Keywords

1 Introduction

A knowledge repository typically has vast and huge amounts of formal data elements, which are generally available as documents. With the rapid growth of text documents in knowledge repositories over time, textual data have become high-dimensional, which increases the processing time, and thereby diminishing the performance of the system. Thus, effective management of this ever-increasing volume of documents is essential for fast information retrieval, browsing, sharing, and comprehension. Text clustering is useful in organizing large document collections into smaller meaningful groups. Clustering aims at grouping objects having similar properties into the same group and others into separate groups based on the information patterns enclosed in it [1,2,3,4]. Numerous methods have been proposed and implemented to solve the clustering problem. The clustered documents will have highest similarity to the ones in the same cluster and least similarity to the ones in the other clusters.

According to the literature, clustering algorithms use either top-down or bottom-up approaches. Those which use top-down algorithms [5,6,7] work with the value of k which needs to be fixed and known in advance. Eventhough bottom-up approaches are effective, they lack performance in certain datasets. Recently, several types of biologically inspired algorithms have been proposed for clustering [8].

Despite of all these approaches, however, document clustering still presents certain challenges. This includes optimizing feature selection for document representation, reduction of this representation into a lower dimensional pseudo-space, with less information loss and incorporating mutual information between the documents into a clustering algorithm. Our work proposes an approach which extracts the relevant terms by a sentence ranking approach. The work also proposes a dynamic rank reduction method to map the documents into a low dimensional concept space. Finally, using the similarity measures, documents are clustered based on fuzzy rules.

2 Related Work

A method proposed in [9] uses sentence ranking and clustering based summarization approach to extract essential sentences from the document. A weighted undirected graph is constructed according to the order of sentences in a document, to discover central sentences. The weights are assigned to edges by using sentence similarity and discourse relationship between sentences. The scores of sentences are obtained by a graph ranking algorithm. Sentences in the document are clustered by using a Sparse Nonnegative Matrix Factorization. Tian et al. [10] use a page ranking approach to rank the sentences in a document. Li et al. [11] perform constrained reinforcements on a sentence graph, which unifies previous and current documents to determine importance of sentences. The constraints ensure that the most important sentences in current documents are updates to previous documents.

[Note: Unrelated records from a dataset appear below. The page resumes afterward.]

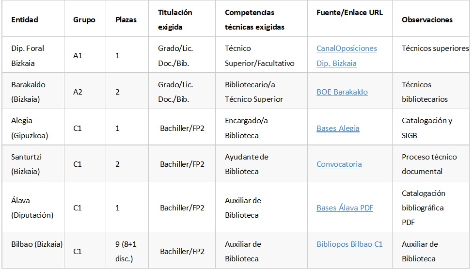 Tabla 1: Análisis de convocatorias de empleo bibliotecario en Euskadi (2025)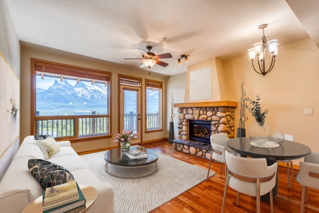 We are pleased to announce the sale of this south-facing condominium with spectacular views of the Three Sisters. With 2 bedrooms plus a den, the well-thought-out design separates the bedrooms on either side of the open-concept living space, creating privacy for friends and guests. The den is an ideal home office, TV room, or additional guest space. Enjoy the large, covered deck with panoramic views of the Bow Valley and mountains. This home boasts ample storage both in the unit and two additional storage spaces: in the locked storage room and in the parkade. There are two title parking stalls with elevator access making this a great low-maintenance mountain retreat. Situated in the community hub for Eagle Terrace and Cougar Creek, there are restaurants, cafes, and shops at your doorstep. A paved path leads you to Downtown Canmore or explore the walking and biking trails from your front door. If you are interested in finding your mountain home in a vibrant community, please contact Laura or Christopher.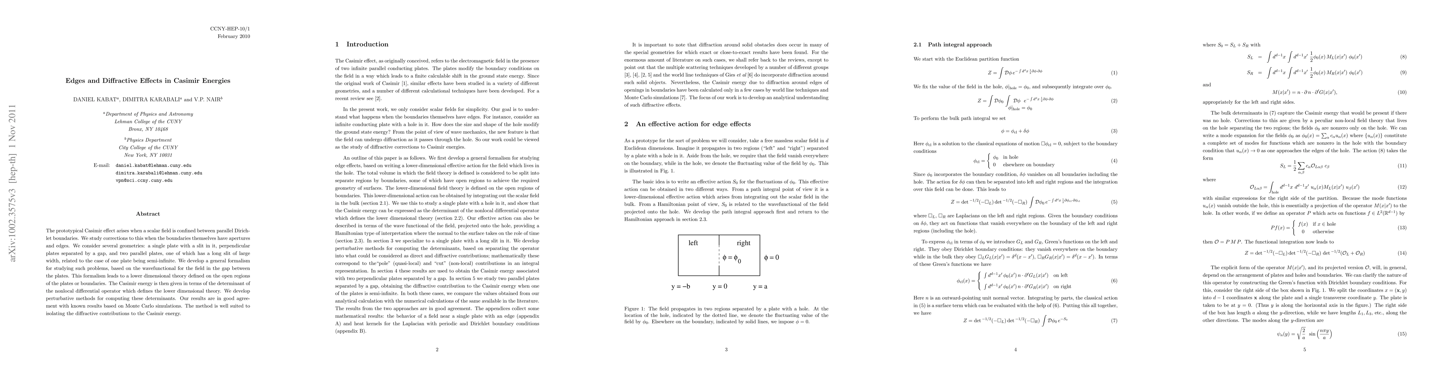 The prototypical Casimir effect arises when a scalar field is confined between parallel Dirichlet boundaries. We study corrections to this when the boundaries themselves have apertures and edges. We consider several geometries: a single plate with a slit in it, perpendicular plates separated by a gap, and two parallel plates, one of which has a long slit of large width, related to the case of one plate being semi-infinite. We develop a general formalism for studying such problems, based on the wavefunctional for the field in the gap between the plates. This formalism leads to a lower dimensional theory defined on the open regions of the plates or boundaries. The Casimir energy is then given in terms of the determinant of the nonlocal differential operator which defines the lower dimensional theory. We develop perturbative methods for computing these determinants. Our results are in good agreement with known results based on Monte Carlo simulations. The method is well suited to isolating the diffractive contributions to the Casimir energy.

In [12], the authors proposed a fuzzy clustering framework which uses statistical measures to form sentence clusters. Related sentences are grouped by applying an enhanced fuzzy clustering algorithm. Semantically similar sentences are identified using Expectation Maximization (EM) framework and Page Rank score of an object. The work [13] focuses mainly on three issues, namely, optimizing feature selection, a low-dimensional document representation, and then incorporating these information into a clustering algorithm. To address the issue of feature extraction, it considers a domain-specific ontology that provides a controlled vocabulary. The original feature space is mapped into a lower dimensional concept space, using Singular Value Decomposition (SVD). The relationship between documents is modeled using the fuzzy compatibility relation. With the help of a cluster validation index, all the data sequences are allocated into clusters. The drawback of the work is that it is restricted only to a particular domain with a controlled vocabulary. A fuzzy controlled genetic algorithm, combined with semantic similarity measure is used for text clustering in [14]. In this work, a hybrid model that combines the thesaurus based and the Semantic Space Model (SSM) approach is proposed. The biologically inspired principles of genetic algorithm with the help of fuzzy controllers significantly improved clustering accuracy.

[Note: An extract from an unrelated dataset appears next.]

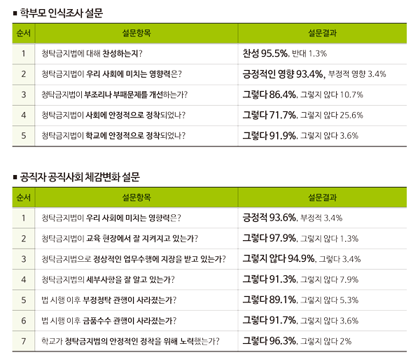 학부모 인식도 설문조사 결과 학부모들은 청탁금지법에 대해 95.5% 찬성했으며, 93.4%의 학부모가 긍정적으로 평가하는 것으로 나타났다. 또한 청탁금지법이 우리사회와 교육기관에 안정적으로 정착했는지 묻는 질문에는 교육기관(91.9%), 사회(71.7%) 순으로 응답해 청탁금지법이 교육현장에 빠르게 정착됐음을 알 수 있었다.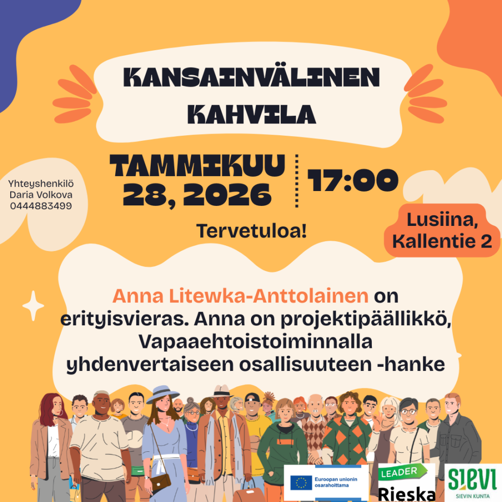 Sievin kv-kahvilat nyt myös Sievin keskustassa. Tervetuloa ke 28.1. klo 17 Lusiinaan kahvittelemaan yhdessä. Erityisvieraana projektipäällikkö Anna Litewka-Anttolainen Vapaaehtoistoiminnalla yhdenvertaiseen osallisuuteen hankkeesta.

Even though all these works address the problem with feature identification and extraction, accuracy still remains as an open problem to be considered. In our work, features are identified by a sentence ranking approach. Rather than fixing the dimension using a cluster validation index, we proposed a dynamic dimension-fixing approach which retains almost all of the information content (i.e., minimizes the error). We build a fuzzy controlled system where the clusters are determined automatically, based on the information patterns formed.

3 Proposed Approach

The work mainly focuses on three major phases in text document clustering.

  1. 1.

    Relevant feature selection and extraction.

  2. 2.

    Document representation so as to retrieve mutual information between documents.

  3. 3.

    Efficient clustering method.

Solution approach is shown in Fig. 1. Each module is explained in detail in the following subsections.

Fig. 1
figure 1

Block diagram of the proposed work

Preprocessing of the data is done by stop word removal, lemmatization, and specific pattern removal to obtain the candidate terms. They are then written along with its frequencies to a temporary file, which is fed to the proposed system for further processing and clustering.

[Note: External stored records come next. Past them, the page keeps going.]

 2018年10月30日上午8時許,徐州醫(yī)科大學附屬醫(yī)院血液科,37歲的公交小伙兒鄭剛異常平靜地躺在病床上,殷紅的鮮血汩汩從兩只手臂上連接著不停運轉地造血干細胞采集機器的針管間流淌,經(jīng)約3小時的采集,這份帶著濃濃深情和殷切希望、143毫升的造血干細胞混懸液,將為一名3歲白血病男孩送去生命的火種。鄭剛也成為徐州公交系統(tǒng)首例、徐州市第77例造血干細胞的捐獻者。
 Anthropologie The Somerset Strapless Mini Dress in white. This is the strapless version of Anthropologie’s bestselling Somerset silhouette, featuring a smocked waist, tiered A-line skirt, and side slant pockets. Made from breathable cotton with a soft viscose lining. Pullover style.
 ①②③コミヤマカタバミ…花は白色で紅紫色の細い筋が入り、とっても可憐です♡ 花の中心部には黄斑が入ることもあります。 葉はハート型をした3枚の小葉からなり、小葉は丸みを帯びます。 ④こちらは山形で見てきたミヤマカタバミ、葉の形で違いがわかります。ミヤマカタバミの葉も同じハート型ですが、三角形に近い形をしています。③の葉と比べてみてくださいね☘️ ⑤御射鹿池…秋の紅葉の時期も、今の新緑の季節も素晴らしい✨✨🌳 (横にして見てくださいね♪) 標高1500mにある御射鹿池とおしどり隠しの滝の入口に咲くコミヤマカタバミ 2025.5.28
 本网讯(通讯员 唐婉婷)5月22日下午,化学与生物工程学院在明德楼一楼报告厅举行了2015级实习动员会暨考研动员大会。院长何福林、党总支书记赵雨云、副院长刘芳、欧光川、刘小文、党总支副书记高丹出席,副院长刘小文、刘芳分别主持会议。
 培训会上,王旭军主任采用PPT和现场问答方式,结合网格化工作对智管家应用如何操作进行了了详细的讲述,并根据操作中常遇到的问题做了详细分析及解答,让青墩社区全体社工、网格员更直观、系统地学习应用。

3.1 Feature Identification and Extraction

Feature identification is a challenging task in document clustering. A method to efficiently acquire the relevant terms in a document is one of the motives of the work. To reveal the relevance of the terms in the context, we put forth a method, which considers the importance value of sentences. For each document, we build a sentence vocabulary by considering the terms in the temporary file and the sentences in that document. Here, we introduce a new weighting measure to the terms, as the product of term frequency in a particular sentence and logarithmic ratio of total sentences to the number of sentences in which the term appears. Using (1), we obtain the weight of each term, where tf and sf represent the frequency of the term in the particular sentence and number of sentences in which the term appears, respectively.

$$\begin{aligned} W_{term}=tf_{term}.\log _{10}{\frac{N}{sf}} \end{aligned}$$
(1)

In the news corpus, introduction sentences convey the entire information in the article, and thus will have more significance compared to the sentences that follows. To accommodate this feature, we assign positional weights to the sentences in our document collection. The relationship between sentences is modeled as an undirected graph with sentences as nodes and, edges show which all sentences are related to each other. The relationship between sentences are found by taking advantage of the discourse relations [9], which reveals how much a sentence is dependent on another, by context. There is a set of predefined discourse terms. Let \(s_{i}\) and \(s_{j}\) be the two sentences where, \(s_{j}\) follows \(s_{i}\) in sequence. If \(s_{j}\) starts with a discourse term, then \(s_{j}\) is dependent on \(s_{i}\). Thus, \(s_{j}\) imposes a weight on to \(s_{i}\). This results in an increase in the weight of \(s_{i}\). The necessary condition for two sentences to have a discourse relationship is that the sentences \(s_{i}\) and \(s_{j}\) should be adjacent. The cosine similarities between the sentences are also considered to improve the edge weights, by considering each sentences as vectors. We then combine all these measures to find the effective edge weights.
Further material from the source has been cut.